▸ **Task instructions**: With pictures left out, please repeat word for word the lines from the one containing "Turret Punch Tooling" through the end of the records.

Content starts

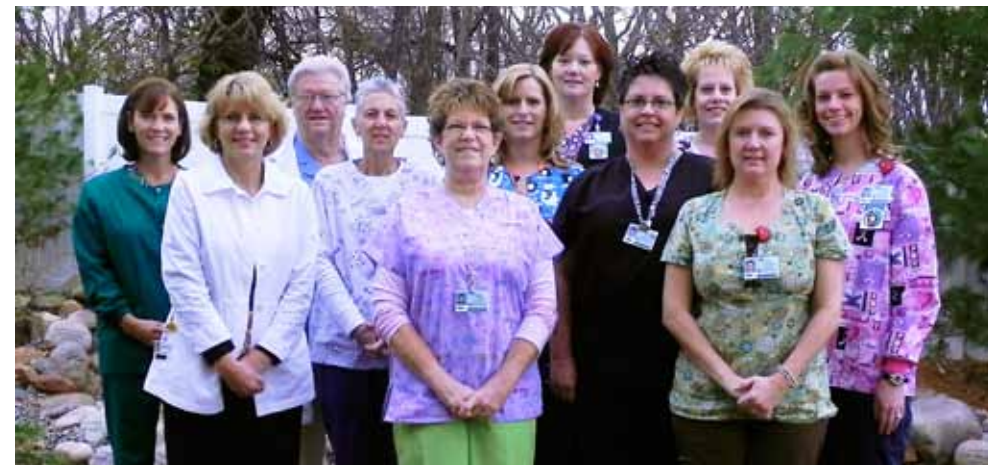
Freeman Health System, Freeman Cancer Institute, Joplin, Mo.
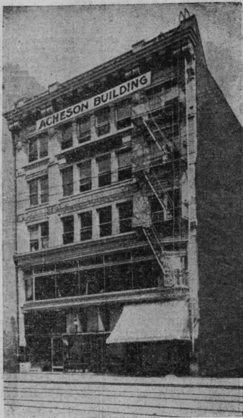
We Are Located in the Acheson Building, Two Floors, 148 and 150 Fifth St.

We have no room here in this announcement or opening ad. to itemize, but say, notice our expense account for running this big garment store—the largest garment floor in Portland—$1.50—one dollar and fifty cents a day rent. It ain't worth mentioning, is it? Do you think such an expense will affect retail prices? Wouldn't think a fellow an idiot to have such a low expense and yet ask high rent and expense-eating prices for his goods? Well, we are going to take advantage of the opportunity to sell at low prices, and we will make some money—don't forget that—and you will save about one-fourth to one-third if you buy of us. Prices quoted to you are, and will be, very low, simply because we can afford to do so—nothing else. They will be so reasonable that they will be very noticeable to you. But let us remind you that trashy goods will not be found in this store. It makes a man sick to buy trash in New York. It will make anyone sicker to sell it. Hence you can depend on the goods, as well as the prices of our garments.
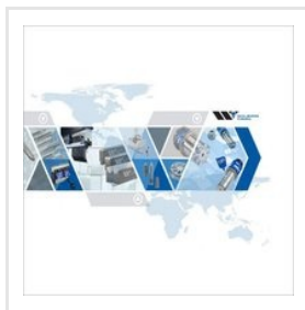
Turret Punch Tooling
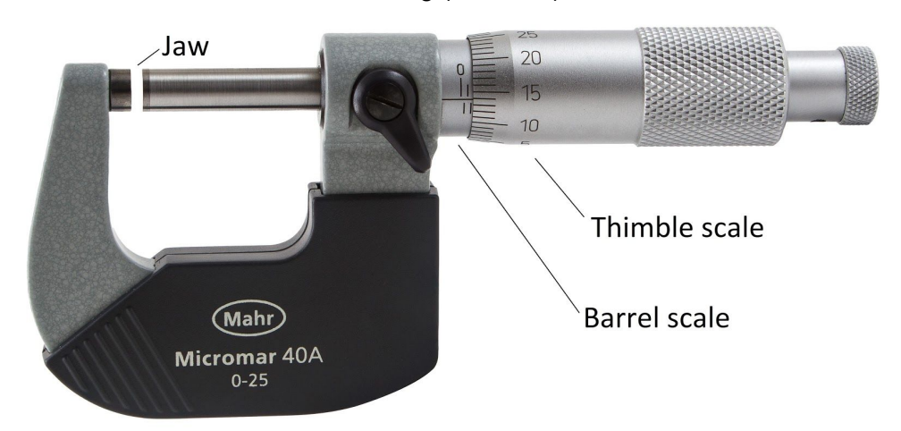
Image source: Lucasbosch, CC BY-SA 3.0, labels are added to the image
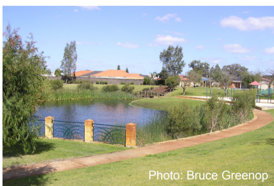
Fountain Park, located on a tributary to Bennett Brook.
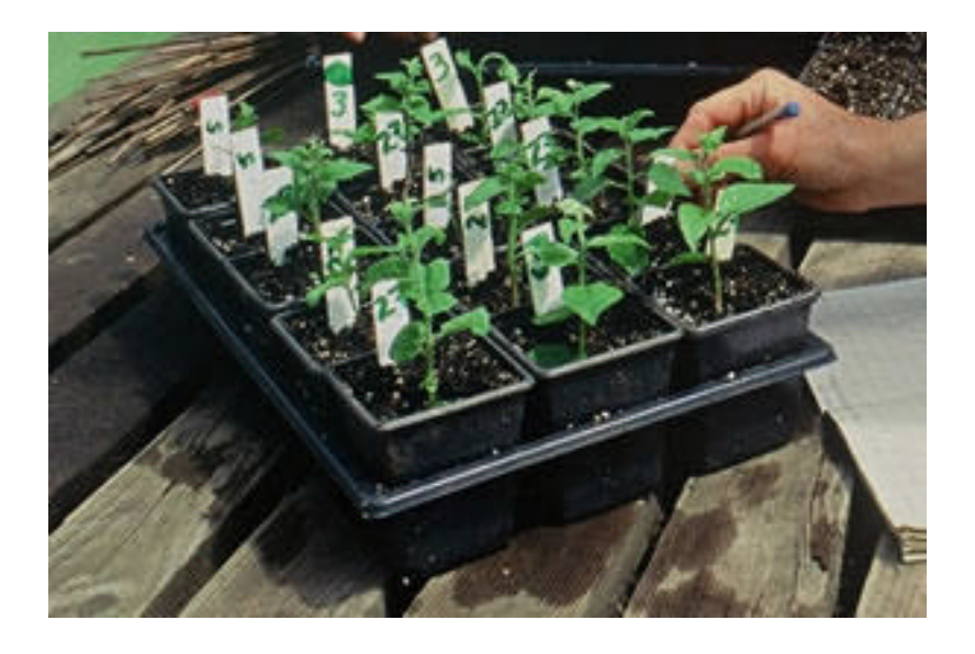
In this tray of planted cuttings, each plant has been labelled to indicate the date and the site where the originating roots were collected.

Content ends

▸ **Solved problem**:
Turret Punch Tooling
Image source: Lucasbosch, CC BY-SA 3.0, labels are added to the image
Fountain Park, located on a tributary to Bennett Brook.
In this tray of planted cuttings, each plant has been labelled to indicate the date and the site where the originating roots were collected.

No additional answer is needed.